▶ _Data supplied_:
__________

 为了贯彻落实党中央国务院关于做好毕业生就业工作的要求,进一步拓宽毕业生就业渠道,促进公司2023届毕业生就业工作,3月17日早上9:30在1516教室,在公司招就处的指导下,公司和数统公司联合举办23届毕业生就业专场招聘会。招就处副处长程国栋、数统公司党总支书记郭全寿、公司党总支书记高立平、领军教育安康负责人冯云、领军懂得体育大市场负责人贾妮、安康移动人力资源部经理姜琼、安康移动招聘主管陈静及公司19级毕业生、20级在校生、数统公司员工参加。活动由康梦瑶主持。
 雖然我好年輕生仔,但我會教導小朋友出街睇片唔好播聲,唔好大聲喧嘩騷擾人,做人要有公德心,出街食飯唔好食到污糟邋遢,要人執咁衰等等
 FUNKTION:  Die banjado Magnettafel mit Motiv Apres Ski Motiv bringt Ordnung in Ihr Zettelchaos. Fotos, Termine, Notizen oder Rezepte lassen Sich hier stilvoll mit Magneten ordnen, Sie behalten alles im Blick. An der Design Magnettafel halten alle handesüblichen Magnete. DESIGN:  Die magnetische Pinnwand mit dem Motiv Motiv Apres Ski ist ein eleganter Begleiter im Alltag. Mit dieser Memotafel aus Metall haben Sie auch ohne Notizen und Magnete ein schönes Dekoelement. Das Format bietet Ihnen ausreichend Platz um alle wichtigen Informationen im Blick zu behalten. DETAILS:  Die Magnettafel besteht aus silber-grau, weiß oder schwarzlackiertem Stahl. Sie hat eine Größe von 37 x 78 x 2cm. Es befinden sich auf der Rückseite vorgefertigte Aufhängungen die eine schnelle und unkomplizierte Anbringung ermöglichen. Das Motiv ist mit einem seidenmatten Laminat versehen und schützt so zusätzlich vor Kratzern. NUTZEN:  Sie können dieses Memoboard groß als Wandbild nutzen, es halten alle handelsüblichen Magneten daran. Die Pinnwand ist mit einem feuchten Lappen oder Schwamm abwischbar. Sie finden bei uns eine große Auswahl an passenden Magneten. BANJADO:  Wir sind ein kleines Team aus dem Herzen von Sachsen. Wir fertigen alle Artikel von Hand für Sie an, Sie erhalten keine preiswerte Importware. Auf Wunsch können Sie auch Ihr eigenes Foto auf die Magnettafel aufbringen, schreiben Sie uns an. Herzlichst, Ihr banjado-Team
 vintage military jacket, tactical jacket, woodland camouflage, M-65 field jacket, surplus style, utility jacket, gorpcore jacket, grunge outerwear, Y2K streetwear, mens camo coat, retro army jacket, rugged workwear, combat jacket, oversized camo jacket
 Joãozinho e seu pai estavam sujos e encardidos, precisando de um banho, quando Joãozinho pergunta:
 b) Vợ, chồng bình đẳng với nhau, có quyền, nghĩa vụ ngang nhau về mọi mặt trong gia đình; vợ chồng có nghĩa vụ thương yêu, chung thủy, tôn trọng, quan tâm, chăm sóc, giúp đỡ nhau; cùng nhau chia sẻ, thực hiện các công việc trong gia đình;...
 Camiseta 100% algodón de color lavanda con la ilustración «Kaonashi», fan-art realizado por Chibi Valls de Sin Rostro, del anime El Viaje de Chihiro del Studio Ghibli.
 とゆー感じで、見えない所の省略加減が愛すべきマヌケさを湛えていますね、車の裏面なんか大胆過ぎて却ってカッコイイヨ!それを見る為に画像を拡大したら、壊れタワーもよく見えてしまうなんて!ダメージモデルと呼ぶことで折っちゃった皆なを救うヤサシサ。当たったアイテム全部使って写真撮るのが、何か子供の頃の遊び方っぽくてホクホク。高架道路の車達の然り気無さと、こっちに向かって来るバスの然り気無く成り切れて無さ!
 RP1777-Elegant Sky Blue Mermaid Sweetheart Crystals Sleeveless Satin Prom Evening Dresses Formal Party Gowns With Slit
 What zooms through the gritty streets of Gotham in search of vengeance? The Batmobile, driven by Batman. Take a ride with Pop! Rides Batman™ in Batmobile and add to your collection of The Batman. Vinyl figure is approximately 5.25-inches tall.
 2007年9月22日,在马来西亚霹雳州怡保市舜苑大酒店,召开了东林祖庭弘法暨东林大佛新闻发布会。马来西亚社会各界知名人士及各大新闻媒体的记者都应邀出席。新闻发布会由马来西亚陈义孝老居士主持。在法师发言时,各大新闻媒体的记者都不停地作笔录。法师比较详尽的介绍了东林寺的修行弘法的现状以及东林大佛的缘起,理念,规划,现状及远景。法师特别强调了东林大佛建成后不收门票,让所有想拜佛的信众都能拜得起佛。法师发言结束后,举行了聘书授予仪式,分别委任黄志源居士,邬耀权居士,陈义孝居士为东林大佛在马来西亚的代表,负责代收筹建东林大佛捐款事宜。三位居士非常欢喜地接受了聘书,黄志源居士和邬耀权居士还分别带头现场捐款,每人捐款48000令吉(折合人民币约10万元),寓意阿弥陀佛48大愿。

__________

▶ _Problem_:
Starting from the line that contains "RP1777-Elegant Sky Blue", reproduce each line of the data exactly through the last one.

▶ _Response below_:
 RP1777-Elegant Sky Blue Mermaid Sweetheart Crystals Sleeveless Satin Prom Evening Dresses Formal Party Gowns With Slit
 What zooms through the gritty streets of Gotham in search of vengeance? The Batmobile, driven by Batman. Take a ride with Pop! Rides Batman™ in Batmobile and add to your collection of The Batman. Vinyl figure is approximately 5.25-inches tall.
 2007年9月22日,在马来西亚霹雳州怡保市舜苑大酒店,召开了东林祖庭弘法暨东林大佛新闻发布会。马来西亚社会各界知名人士及各大新闻媒体的记者都应邀出席。新闻发布会由马来西亚陈义孝老居士主持。在法师发言时,各大新闻媒体的记者都不停地作笔录。法师比较详尽的介绍了东林寺的修行弘法的现状以及东林大佛的缘起,理念,规划,现状及远景。法师特别强调了东林大佛建成后不收门票,让所有想拜佛的信众都能拜得起佛。法师发言结束后,举行了聘书授予仪式,分别委任黄志源居士,邬耀权居士,陈义孝居士为东林大佛在马来西亚的代表,负责代收筹建东林大佛捐款事宜。三位居士非常欢喜地接受了聘书,黄志源居士和邬耀权居士还分别带头现场捐款,每人捐款48000令吉(折合人民币约10万元),寓意阿弥陀佛48大愿。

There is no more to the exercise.